Suvari was young enough at that point -- yet sufficiently wise in the ways of Hollywood, where she had been working since she was 14 -- to develop a career that hinged on big-budget movies punctuated with the occasional cred-preserving indie detour. Instead, she decided to make more distinctive and, as she likes to put it, "challenging" choices.
Of course, we've heard that from actors about 10,000 times, but in Suvari's case, her decisions back it up. Since "American Beauty" in 1999, she has appeared in two "American Pie" movies; "Spun," an exploration of the crystal meth subculture; as a lesbian poet in several episodes of "Six Feet Under"; as Warhol superstar Richie Berlin in 2006's "Factory Girl"; and in numerous other downright strange roles. This Friday will see the release of "Stuck," her second collaboration with Stephen Rea and director Stuart Gordon. Just for the record, the last time she worked with Gordon, on 2005's David Mamet-scripted "Edmond," she was credited simply as "whore."

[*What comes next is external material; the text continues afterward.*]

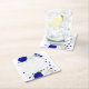 Romantique bleu royal & fleurs blanches avec dessous de verre en papier mariage feuille en argent.

"Look, I could put on a bikini and make a lot of money," she says. "But I'm trying to stimulate myself as an actor."
Suvari makes no apologies for a style that's anything but meticulously prepared and often executed at high speed. "Sometimes, I like to work that way, in an intense filmmaking process," she says. In "Stuck," she plays Brandi, a nursing home caretaker with an appetite for Ecstasy and a drug-dealer boyfriend who can keep her supplied. One night, while high, she hits Stephen Rea (a downsized white-collar guy who's ended up on the streets), who crashes through the windshield of her car. There he remains for most of the film, trapped in a garage, slowly bleeding to death from a variety of gruesome wounds, while Brandi hopes he will "just go to sleep." The plot is based on actual events that occurred in 2001 in Fort Worth.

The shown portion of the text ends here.